HOW TO COMPLETE THIS TASK:
Please keep pictures out and return the lines below exactly, from the one holding "Евгений Евгеньевич Козлов." through the last, both included.

===== EXERCISE MATERIAL =====

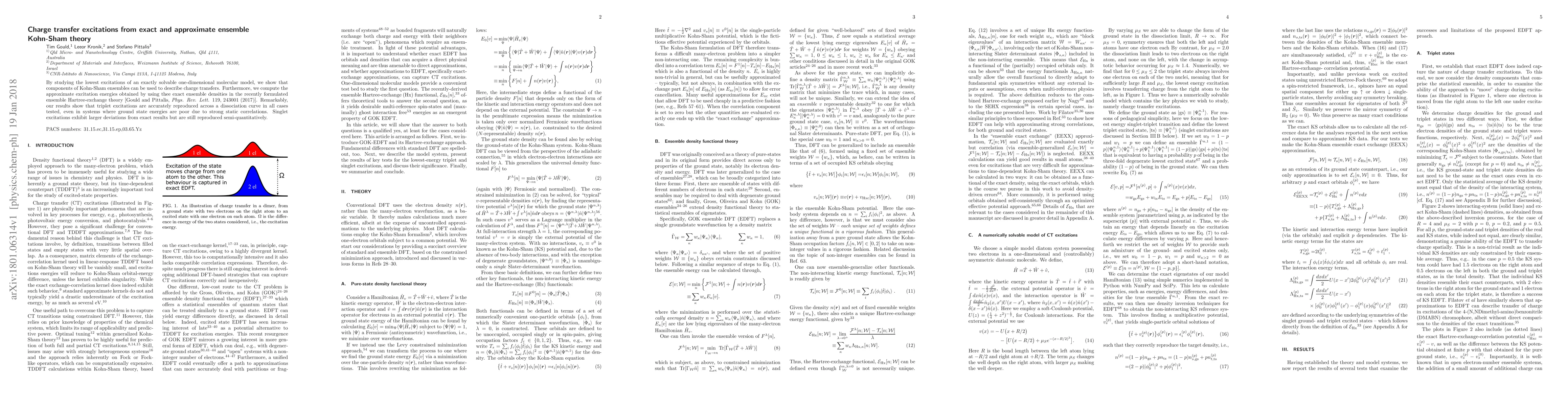 By studying the lowest excitations of an exactly solvable one-dimensional molecular model, we show that components of Kohn-Sham ensembles can be used to describe charge transfers. Furthermore, we compute the approximate excitation energies obtained by using thee exact ensemble densities in the recently formulated ensemble Hartree-exchange theory [Gould and Pittalis, Phys. Rev. Lett. 119, 243001 (2017)]. Remarkably, our results show that triplet excitations are accurately reproduced across a dissociation curve in all cases tested, even in systems where ground state energies are poor due to strong static correlations. Singlet excitations exhibit larger deviations from exact results but are still reproduced semi-quantitatively.
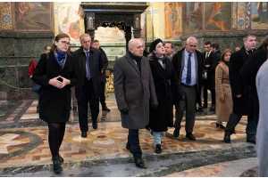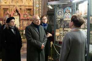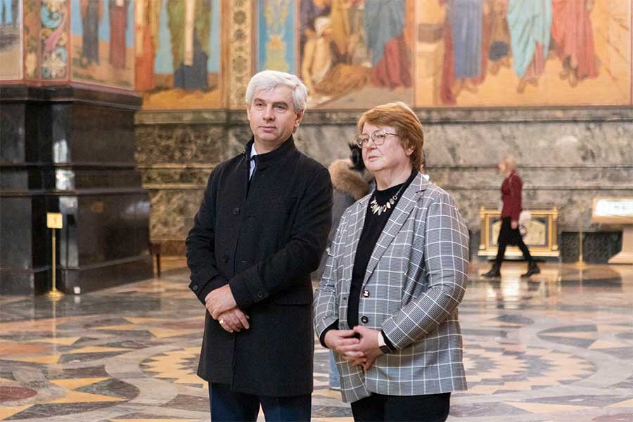 В храме «Спас на Крови» от имени директора Государственного музея «Исаакиевский собор» Юрия Витальевича Мудрова гостей приветствовала заведующая выставочным залом Часовни-музея Елена Игнатьевна Малявина. Она ознакомила делегацию с основными направлениями деятельности музея и вручила памятные подарки. В Исаакиевском соборе гостей встречал и. о. начальника музея-памятника Евгений Евгеньевич Козлов.
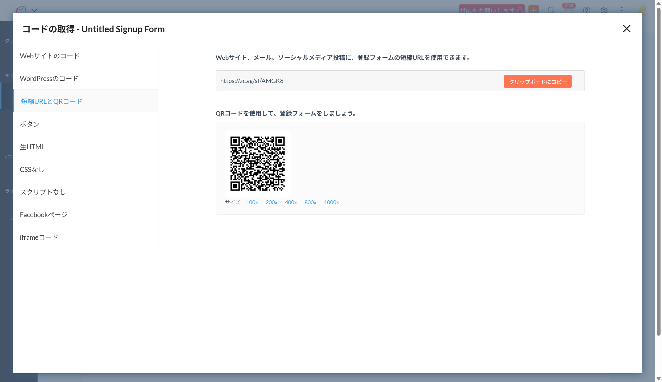 2)登録フォームの作成(※すでに登録フォームが作成されている場合には、4まで進んでください)
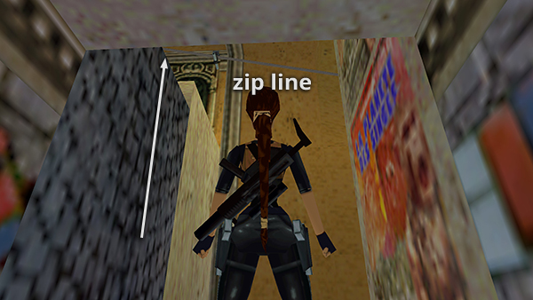 NOTE: If it's been a while, or you haven't played Tomb Raider 3, in order to use the zip line, position Lara at the edge of the ledge just below the handle. Press and hold Action and don't release it until she lands on the island.
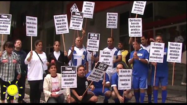 Bancários fazem Gol de placa contra o Assédio e demissões no Itaú
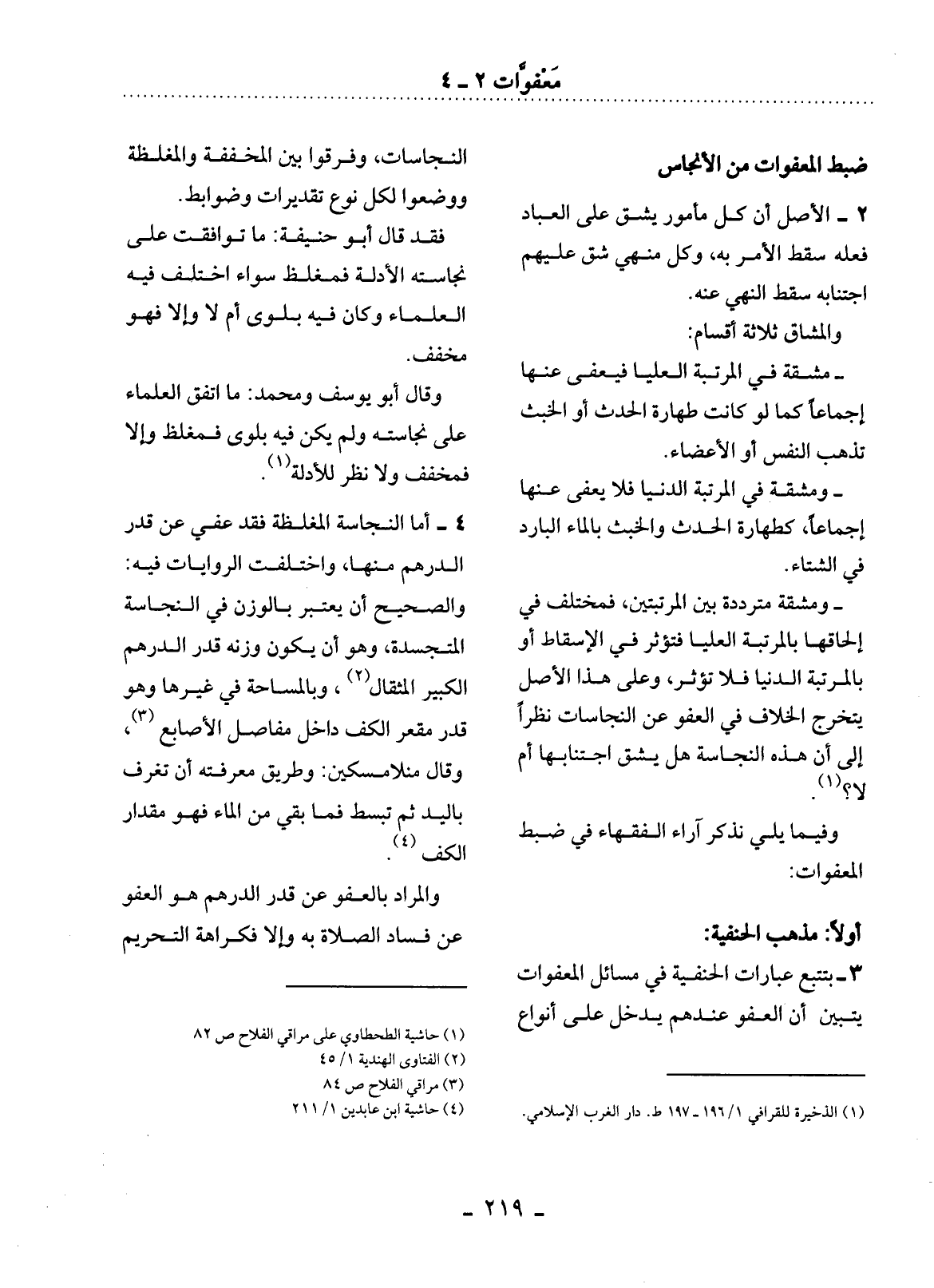 (1) الذخيرة للقرافي 1 / 196 - 197 ط. دار الغرب الإسلامي.

=====

ANSWER FOR THE TASK:
 В храме «Спас на Крови» от имени директора Государственного музея «Исаакиевский собор» Юрия Витальевича Мудрова гостей приветствовала заведующая выставочным залом Часовни-музея Елена Игнатьевна Малявина. Она ознакомила делегацию с основными направлениями деятельности музея и вручила памятные подарки. В Исаакиевском соборе гостей встречал и. о. начальника музея-памятника Евгений Евгеньевич Козлов.
 2)登録フォームの作成(※すでに登録フォームが作成されている場合には、4まで進んでください)
 NOTE: If it's been a while, or you haven't played Tomb Raider 3, in order to use the zip line, position Lara at the edge of the ledge just below the handle. Press and hold Action and don't release it until she lands on the island.
 Bancários fazem Gol de placa contra o Assédio e demissões no Itaú
 (1) الذخيرة للقرافي 1 / 196 - 197 ط. دار الغرب الإسلامي.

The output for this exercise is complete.